Joëlle Herren, la responsable médias de l’Entraide Protestante Suisse (EPER), vient de passer trois jours à la frontière entre la Serbie et le Croatie, où l’EPER distribue des biens de première nécessité et de la nourriture. Elle a pu constater la difficulté d’une situation qui peut changer à tout moment. «Quand j’étais sur place, jusqu’à 4000 personnes sont arrivées de nuit. Face à un tel pic, les organisations humanitaires n’avaient plus de vivres ou de matériel à distribuer pour répondre à la quantité des besoins. Dans ce type de situation, on se sent complètement impuissant.» L’attitude des migrants face à l’urgence l’a frappée: «Il n’y a pas de bousculade. Les enfants ne pleurent pas. Les gens sont solidaires et s’entraident. Ce sont des scènes d’une dignité incroyable.»

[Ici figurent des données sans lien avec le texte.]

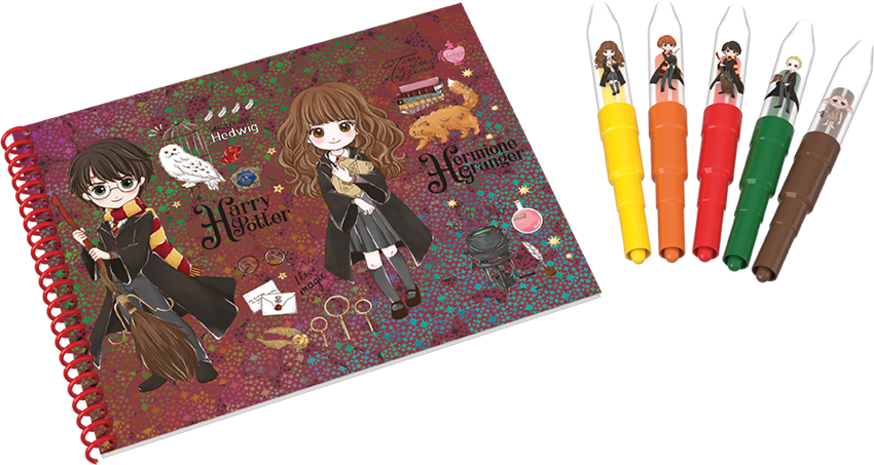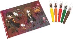 Pučiamųjų flomasterių rinkinys su Harry Potter motyvais suteikia ir pramogą, ir kūrybinę išraišką. Vaikai, paprastai pūsdami į flomasterius, gali kurti spalvingus purškimo efektus. Be flomasterių, rinkinyje yra ir užrašų knygelė, pilna iš anksto atspausdintų Harry Potter motyvų, kuriuos galima spalvinti arba papildyti savo piešiniais.
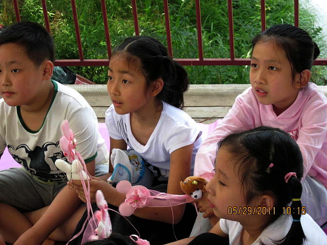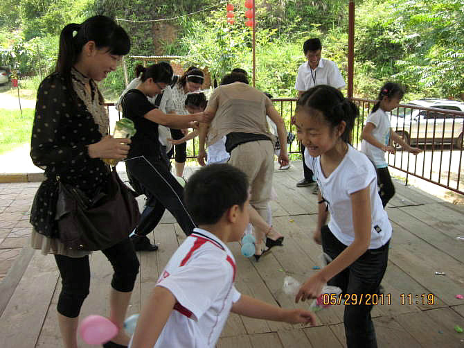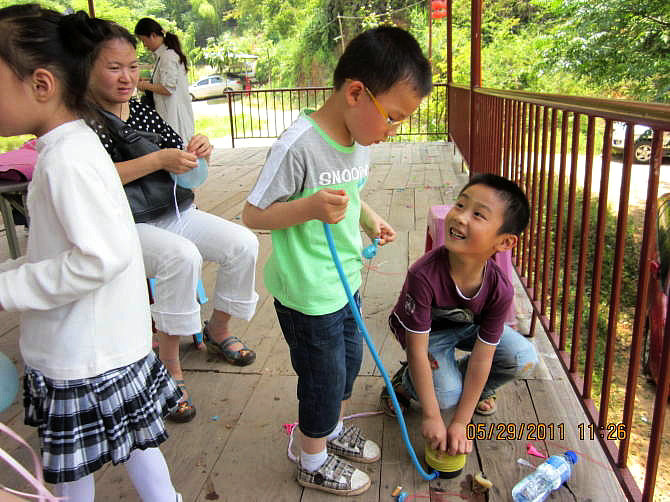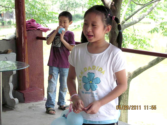 踩气球让大家又叫又笑,当然最后还有哭的,哈哈!
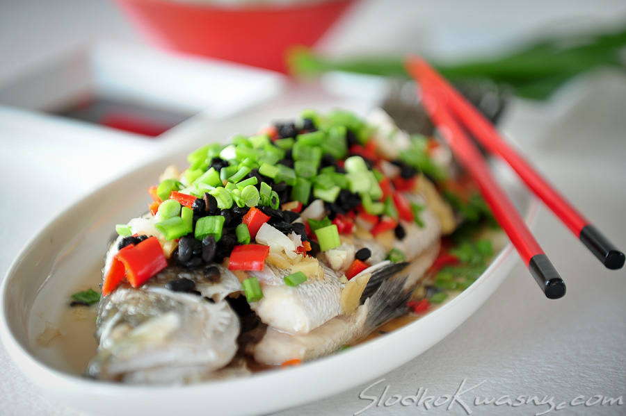 Natnij wypatroszoną rybę w siatkę i zamarynuj w paprykaczkach, imbirze, czosnku i czarnej soi – odstaw do lodówki na 20 minut. Ugotuj ją na parze (my użyliśmy piekarnika parowego, można to jednak zrobić też na patelni z przykrywką, wlewając na dno wodę i stawiając rybę na talerzu). Po kilkunastu minutach ryba powinna być gotowa.
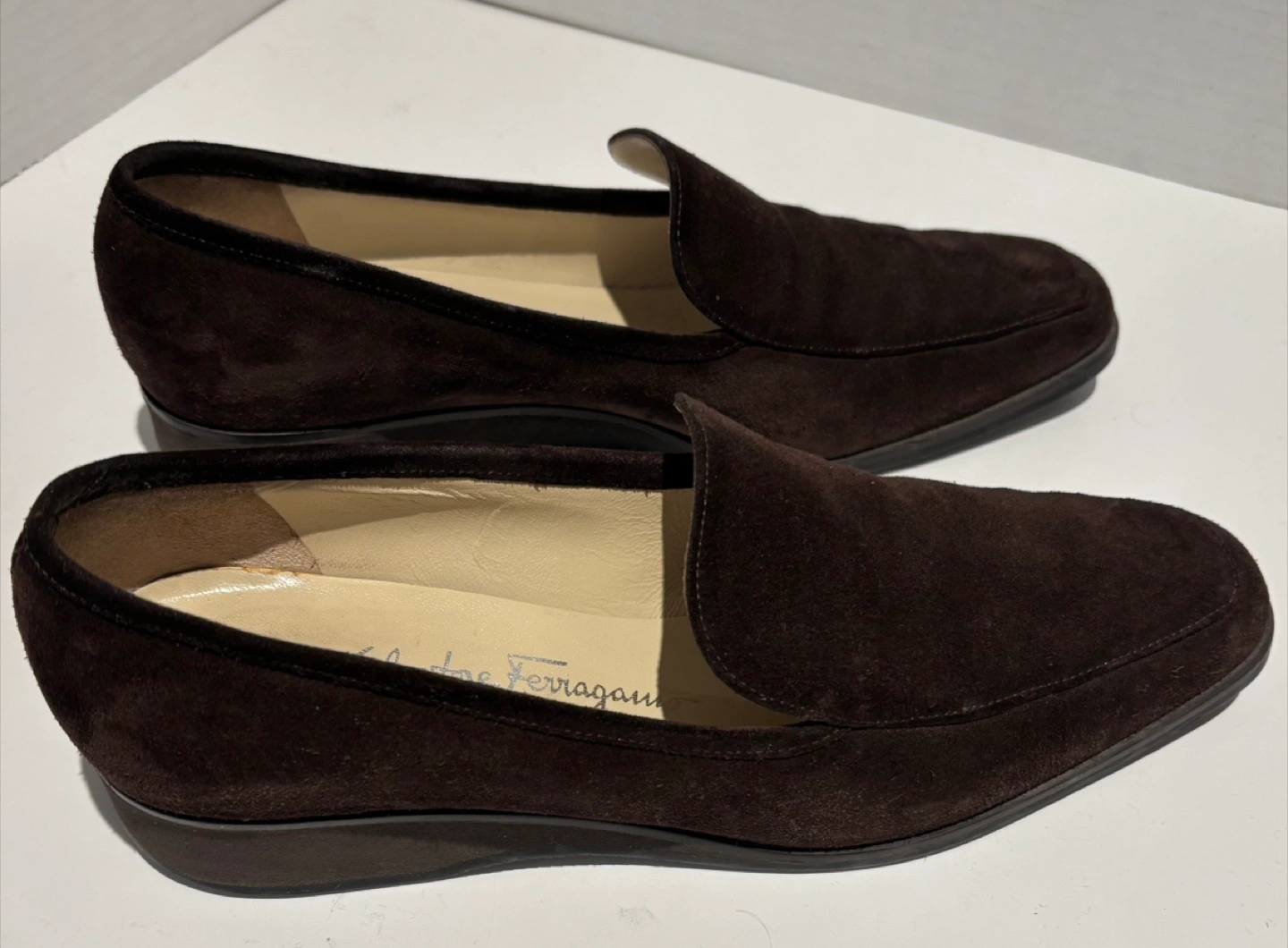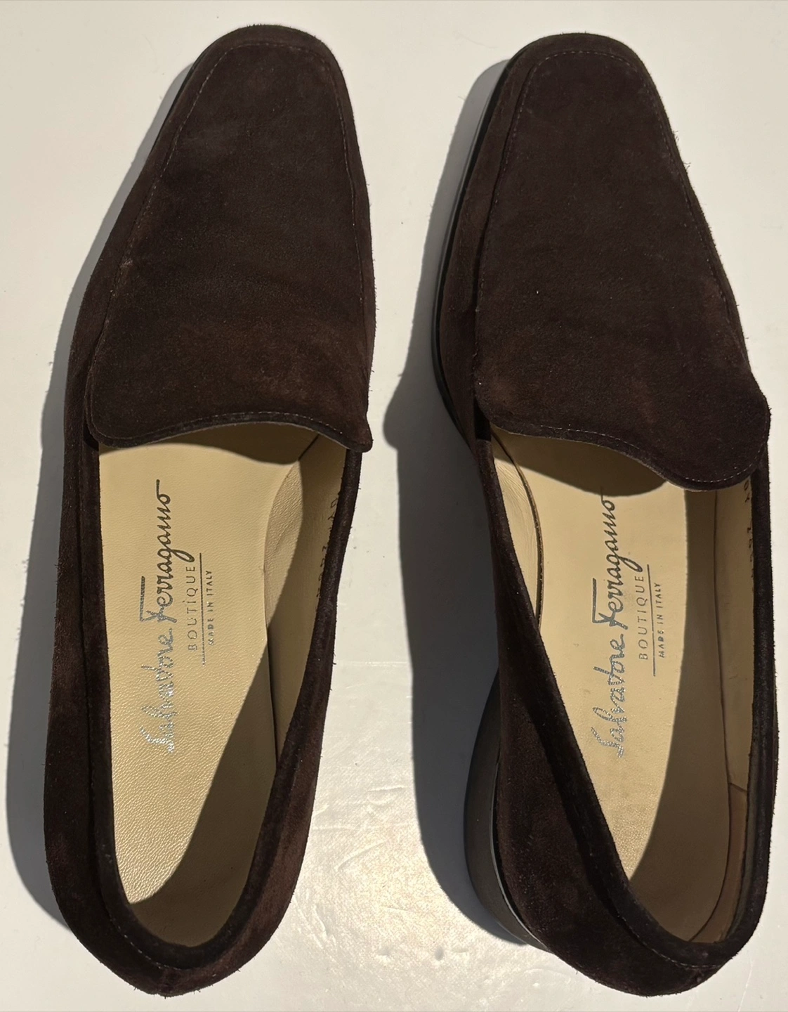Selling a pair of Salvatore Ferragamo loafers in a lovely brown suede. These are a size 5.5 and are in good condition. They would be a great addition to your wardrobe!

La situation n’est pas non plus facile à vivre du côté des travailleurs humanitaires, qui délivrent une aide ponctuelle, sans possibilité de suivi et qui s’identifient beaucoup aux migrants. Le coordinateur d’urgence de Médecins du Monde Thierry Dutoit souligne: «Nous ne sommes pas face à de jeunes hommes de 25 ans, comme on peut parfois l’entendre en Europe. Ce sont des familles comme les nôtres, des gens à qui on peut se comparer. C’est comme si on déplaçait un village suisse.»

Qu’est-ce que la Chaîne du Bonheur?

La Chaîne du Bonheur est une fondation suisse qui lance des collectes de fonds pour financer des projets d’aide ciblés. Dans ce but, elle collabore avec la Société suisse de radiodiffusion et télévision (SSR, dont fait partie swissinfo.ch) et 25 organisations suisses d’entraide.

La Fondation bénéficie du soutien exclusif des radios et télévisions de service public et travaille également avec les médias privés. Avec l’argent collecté, elle finance les projets de ses partenaires expérimentés dans l’aide d’urgence, la réhabilitation et la reconstruction durable.

Le projet de Médecins du Monde suisse à Idomeni, à la frontière entre la Grèce et la Macédoine, est financé à hauteur de 190’000 francs par la Chaîne du Bonheur. Le budget total de l’action de l’Entraide Protestante Suisse à la frontière serbe pour quatre mois atteint près de 320’000 francs. La part de la Chaine du Bonheur se chiffre à 193’000 francs.